Cigarette Smoke Up-regulates PDE3 and PDE4 to Decrease cAMP in Airway Cells

BACKGROUND AND PURPOSE: 3', 5'-cyclic adenosine monophosphate (cAMP) is a central second messenger that broadly regulates cell function and can underpin pathophysiology. In chronic obstructive pulmonary disease (COPD), a lung disease primarily provoked by cigarette smoke (CS), the induction of cAMP-dependent pathways, via inhibition of hydrolyzing phosphodiesterases (PDEs), is a prime therapeutic strategy. Mechanisms that disrupt cAMP signaling in airway cells, in particular regulation of endogenous PDEs are poorly understood. EXPERIMENTAL APPROACH: We used a novel Forster resonance energy transfer (FRET) based cAMP biosensor in mouse in vivo, ex vivo precision cut lung slices (PCLS), and in human in vitro cell models to track the effects of CS exposure. KEY RESULTS: Under fenoterol stimulated conditions, FRET responses to cilostamide were significantly increased in in vivo, ex vivo PCLS exposed to CS and in human airway smooth muscle cells exposed to CS extract. FRET signals to rolipram were only increased in the in vivo CS model. Under basal conditions, FRET responses to cilostamide and rolipram were significantly increased in in vivo, ex vivo PCLS exposed to CS. Elevated FRET signals to rolipram correlated with a protein upregulation of PDE4 subtypes.
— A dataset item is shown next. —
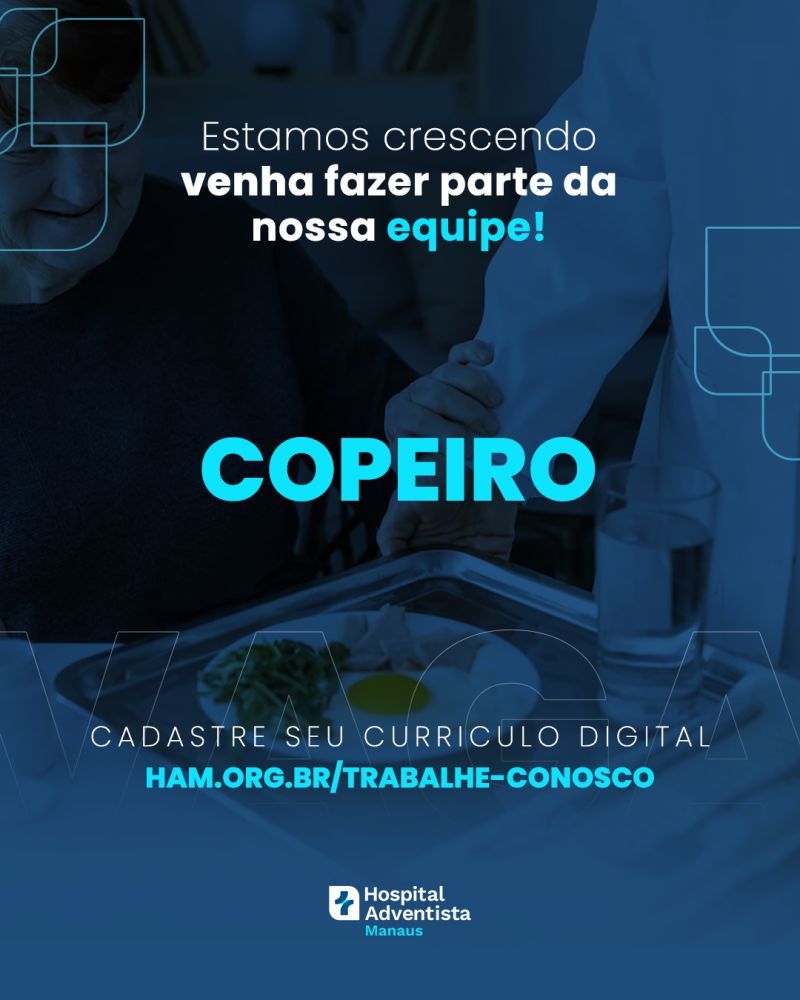 Hospital está selecionando Copeiro; Envie seu currículo!
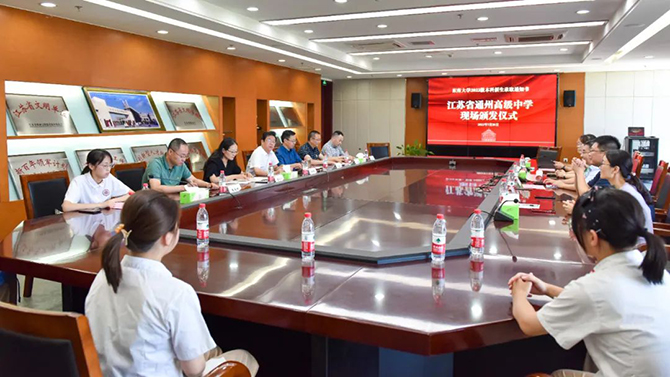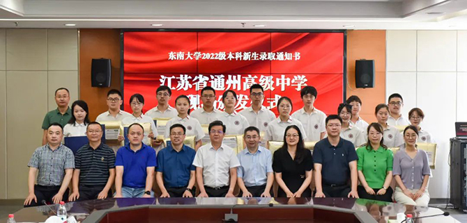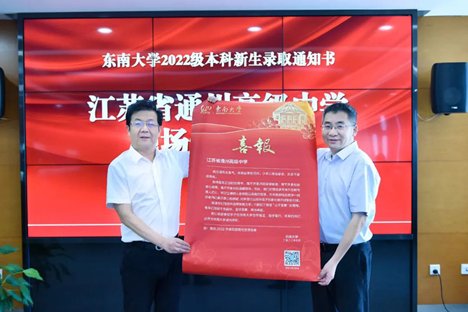 7月29日上午,东南大学副校长金石,招生办主任张力,南通地区招生组张璐、宋美娜、周建新等一行5人亲临我校,为毕业我校的东南大学2022级本科新生颁发录取通知书,并送来祝贺喜报。校党委书记、校长季仲平,党委委员、副校长张圣兵,党委委员、副校长巫灿烨,副校长何忠峰,党委委员、教务主任张春明,校长办公室主任张炜等参加了颁发仪式,仪式由张圣兵副校长主持。

In ex vivo PCLS exposed to CS extract, rolipram reversed downregulation of ciliary beating frequency, whereas only cilostamide significantly increased airway relaxation of methacholine pre-contracted airways. CONCLUSION AND IMPLICATIONS: We show that CS upregulates expression and activity of both PDE3 and PDE4, which regulate real-time cAMP dynamics. These mechanisms determine the availability of cAMP and can contribute to CS-induced pulmonary pathophysiology.